▶ [TO DO] First find the line with "(ibid, p 2).", then reproduce it and all following lines of the data to the end, exactly and with no pictures, adding nothing.

== == ==

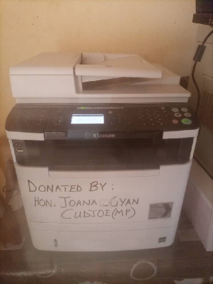 The Member of Parliament for Amenfi Central in the Western Region, Joana Gyan, has donated a brand new Canon MR 6100 photocopier/printer to Tumantu D/A Basic School located in her constituency.
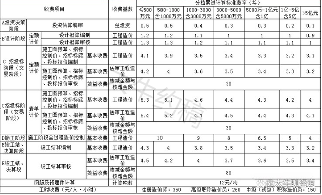 5、建設工程造價咨詢服務收費標準實行分檔累進計費方式。
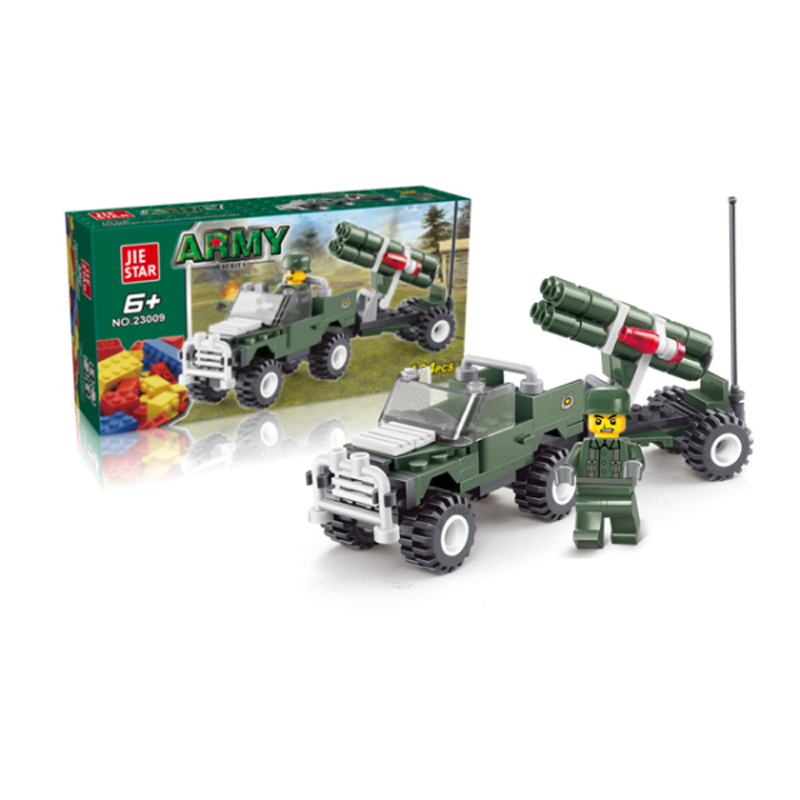 Đồ chơi xếp hình Jie Star 23009 - Xe quân sự gồm 104 chi tiết bằng nhựa PP, ABS để bé ráp thành chiếc xe pháo, cùng 1 chú bộ độ bên cạnh. Bé có thể chơi trò đánh trận giả, hay tập luyện quân sự cùng bạn bè, từ đó phát triển khả năng giao tiếp cũng như tăng trí tưởng tượng, tự viết ra những câu chuyện cho mình.
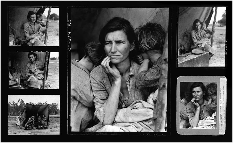 “Although the pictures from the Migrant Mother series were first published in a San Francisco newspaper, the enterprise belongs in the realm of art rather than photojournalism. As the several exposures she took of the scene show, Lange sought to create a transcendent image that would communicate her sense of the migrants’ condition. She created a portrait that incorporated elements she knew her contemporaries would understand and find worthy of support” (ibid, p 2).
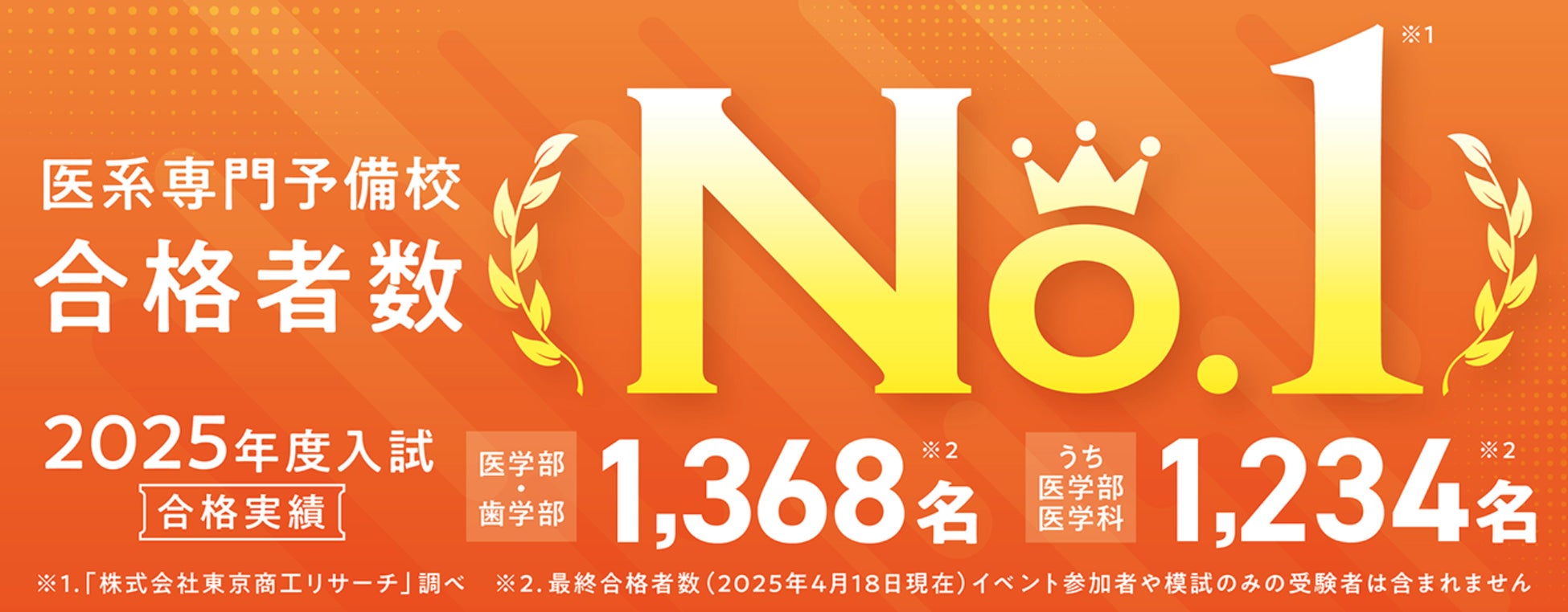 北海道〜九州まで全国26校を展開する医系専門予備校メディカルラボ(河合塾グループ)は、株式会社東京商工リサーチが2025年4月に医系専門予備校について実施した調査で、2025年度入試における合格実績部門において、医系専門予備校合格者数No.1を獲得しました。メディカルラボはこれからも、医学部を志す皆さまを個別最適のきめ細やかな指導でサポートし、生徒一人ひとりを医学部合格へ導いてまいります。

== == ==

▶ [WRITTEN ANSWER]
 “Although the pictures from the Migrant Mother series were first published in a San Francisco newspaper, the enterprise belongs in the realm of art rather than photojournalism. As the several exposures she took of the scene show, Lange sought to create a transcendent image that would communicate her sense of the migrants’ condition. She created a portrait that incorporated elements she knew her contemporaries would understand and find worthy of support” (ibid, p 2).
 北海道〜九州まで全国26校を展開する医系専門予備校メディカルラボ(河合塾グループ)は、株式会社東京商工リサーチが2025年4月に医系専門予備校について実施した調査で、2025年度入試における合格実績部門において、医系専門予備校合格者数No.1を獲得しました。メディカルラボはこれからも、医学部を志す皆さまを個別最適のきめ細やかな指導でサポートし、生徒一人ひとりを医学部合格へ導いてまいります。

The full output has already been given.